Real GDP is measured in constant local currency. Source: OECD, National Accounts Statistics; and Fred, Economic Data.
The labor tax wedge is defined as the ratio between the average tax paid by a single-earner family (one parent at 100 percent of average earnings with two children) and the corresponding total labor cost for the employer. The labor tax wedge is available from the OECD for 2000 to 2016, and was extended back to 1980 using Bassanini and Duval (2006) and IMF (2016). The latter series is available only in uneven years; the value of the labor tax wedge in even years is obtained by linear interpolation. Sources: OECD, Tax database; Bassanini and Duval (2006); and IMF (2016).
The generosity of the unemployment benefits system is measured as the gross replacement rate, which, in turn, is computed as the gross unemployment benefit levels as a percentage of previous gross earnings. The summary measure with the best coverage is the average of the gross unemployment benefit replacement rates for two earnings levels, three family situations, and three durations of unemployment. Such measures are available in uneven years, and are interpolated to obtain their values for even years. The reported values are for the average worker from 2001 to 2011, and average production worker from 1961 to 2005. The two series are spliced. Source: OECD, Benefits and Wages database.
Public expenditure on ALMP is calculated as ALMP spending per unemployed person in percent of GDP per capita, following Gal and Theising (2015). Source: OECD, Employment database.
Restrictiveness of migration policy is an index with information about all changes to the existing legal framework relevant for migration (see also De Resende, 2014). We focus on major changes in policies guiding the post-entry rights or other aspects of migrants’ integration. Source: International Migration Institute, DEMIG POLICY database.
Union density is measured as net union membership as a proportion of wage earners in employment. Source: OECD, Employment database.
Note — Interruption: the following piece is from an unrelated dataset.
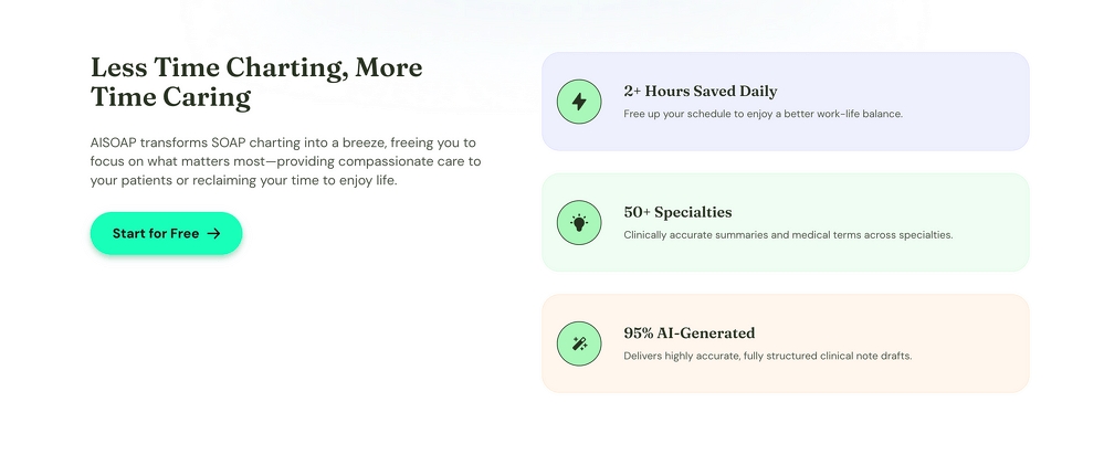 By automating up to 95% of documentation tasks, AISOAP.com significantly reduces the workload for healthcare professionals. The platform’s AI capabilities minimize manual intervention, saving clinicians up to two hours per day—time that can be redirected toward patient care. This innovation plays a crucial role in combating burnout, a widespread challenge in the healthcare industry.

Coordination of wage setting is an index of the centralization of bargaining. The index runs from 1 to 5 with values defined as (1) Fragmented wage bargaining, confined largely to individual firms or plants, (2) mixed industry and firm-level bargaining, weak government coordination through minimum wage setting or wage indexation, (3) negotiation guidelines based on centralized bargaining, (4) wage norms based on centralized bargaining by peak association with or without government involvement, and (5) maximum or minimum wage rates/increases based on centralized bargaining. Source: Amsterdam Institute for Advanced Labour Studies, Database on Institutional Characteristics of Trade Unions, Wage Setting, State Intervention, and Social Pacts.
Part-time employment is measured as the proportion of employees with a part-time contract to total employees. Source: OECD, Employment database.
Job-protected maternity leave is defined as the total number of weeks of job-protected maternity, parental, and extended leave available to mothers, regardless of income support. Source: OECD, Family database.
The statutory retirement age is defined as the population-weighted average at which workers can retire. Source: Social Security Programs throughout the World.
To capture the generosity of pension schemes, we rely on the measure with the best country and time coverage, which is public spending on old-age pensions as a percent of GDP. Source: OECD, Social protection database.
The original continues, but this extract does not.